Oligopoly profile: HSBC
London-based HSBC is one of the top banking companies in the world. It is #2 after Citigroup, but may slip to #4 after the J.P. Morgan-Bank One and Bank of America Fleet deals are done. The company is truly global, with operations in almost every country in the world.
HSBC started its life half a world away, as its original name (Hongkong and Shanghai Banking Corporation Limited) indicates. The company reaches back to 1865, and it was initially in the business of financing European-Chinese trade. It soon expanded to Japan, the Philippines, and Thailand (where it was the first bank established). By the end of the 19th century, the bank was the largest in Asia.

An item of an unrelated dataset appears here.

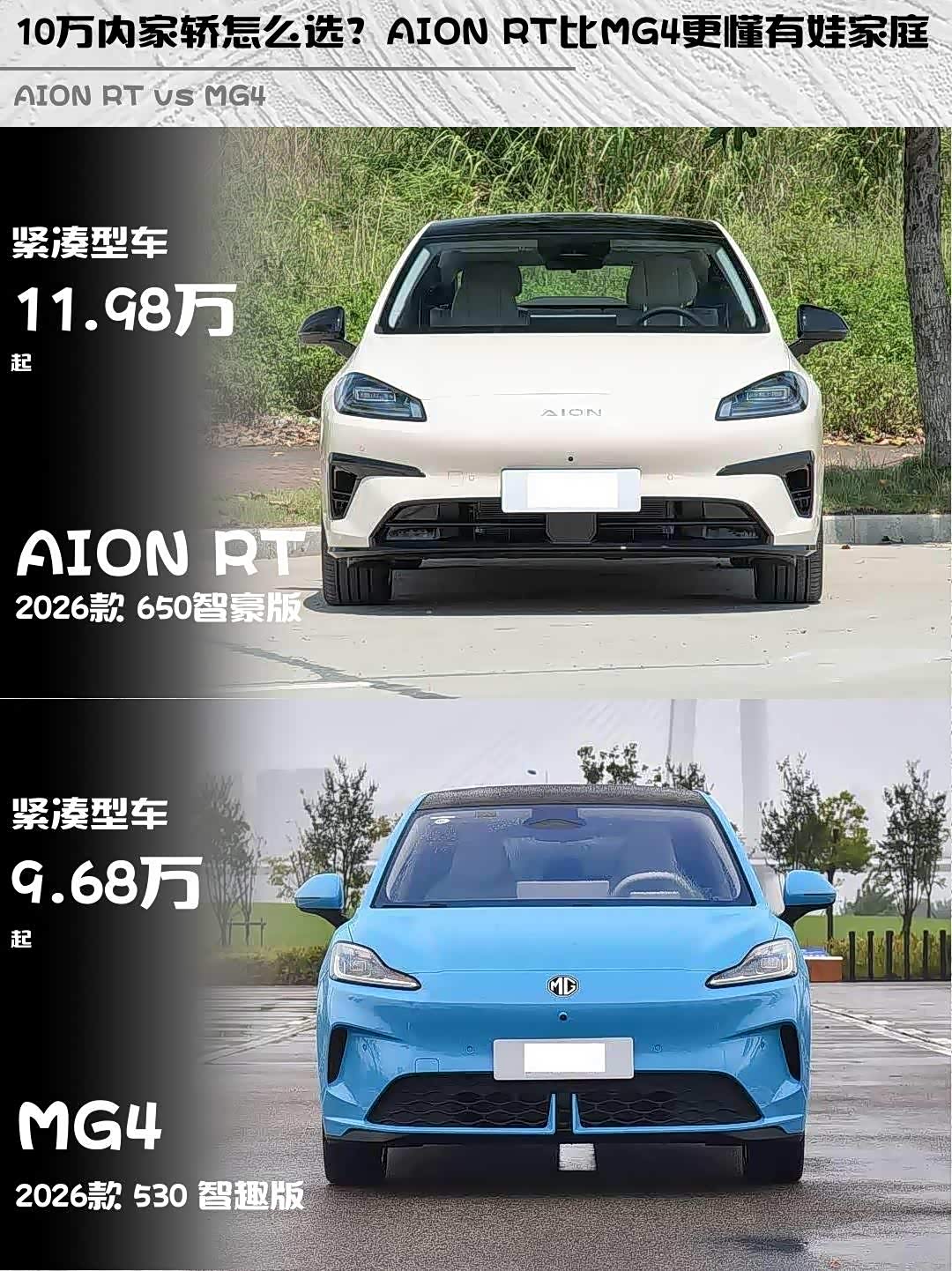 最近在选纯电家轿的朋友看过来!今天深度对比两款热门车型—— AION RT(参数|询价) 2026款 650智豪版和MG4 2026款 530智趣版,帮你理清需求不踩坑✨

After steady growth in the early 20th century, HSBC nearly went out of business in mid-century. The Japanese roll through Asia saw much of the bank captured and its president imprisoned. Recovering after the war, it lost its mainland China operations with the advent of communism. Fortunately, it reestablished its Hong Kong operations and was raised with the postwar boom in that city. In the 1950s and 1960s it expanded its range, by acquiring the Mercantile Bank (with operations in India), Hang Seng bank (Hong Kong), The British Bank of the Middle East, and the Shanghai Banking Corporation of California (US).
Major expansion internationally continued in the 1980s with the acquisition of the Marine Midland Bank (US) and a major share of the Midland Bank (UK), which it bought fully in the 1990s. Also in the 1990s it established a unified brand for all its banks (HSBC) and also increased its presence in London.
In the past few years it has pursued new acquisitions across the globe with determination. Recent acquisitionsinclude:
1999 Republic New York (US), with a substantial presence in New York City
Mid-Med Bank (Malta)
2000 Credit Commerciale de France (CCF)
PCIB Savings Bank (Philippines)
2001 Demirbank (Turkey)
NRMA Building Society (Australia)
China Securities Investment Trust (Taiwan)
2002 Grupo Financero Bital (Mexico)
2003 Household International (US)
Banque Eurofin (France)
Asset Management Technology (South Korea), an investment comp[any
Keppel Insurance (Singapore)
Remaining 40% of Equator Holdings, an African-based bank with offices in Angola,
Cote d'Ivoire, Ghana, Mozambique, South Africa and Uganda
2004 Intesa Bank (Canada)
Bank of Bermuda
The Household Finance acquisition was quite significant. HFC is the second largest consumer lender (homes, mortgages) in the US, after Citigroup. It is also a major issuer of credit cards. While the company is still digesting the HFC move, it is considered to be in the market for a regional US bank, trying to expand beyond its New York state base. As the US industry consolidates, there will be few such opportunities left in a few years.
HSBC is poised to grow. It has a strong expertise and growing presence in mainland China, the fastest growing economy in the world, and the world presence to handle international trade agreements with that country and others. It has a big presence in international banking havens (Switzerland, the Channel Islands, Panama, and, recently, Bermuda) for its numerous private banking clients. Like several of its main competitors, it has far more influence about where money circulates and ends up than any national government.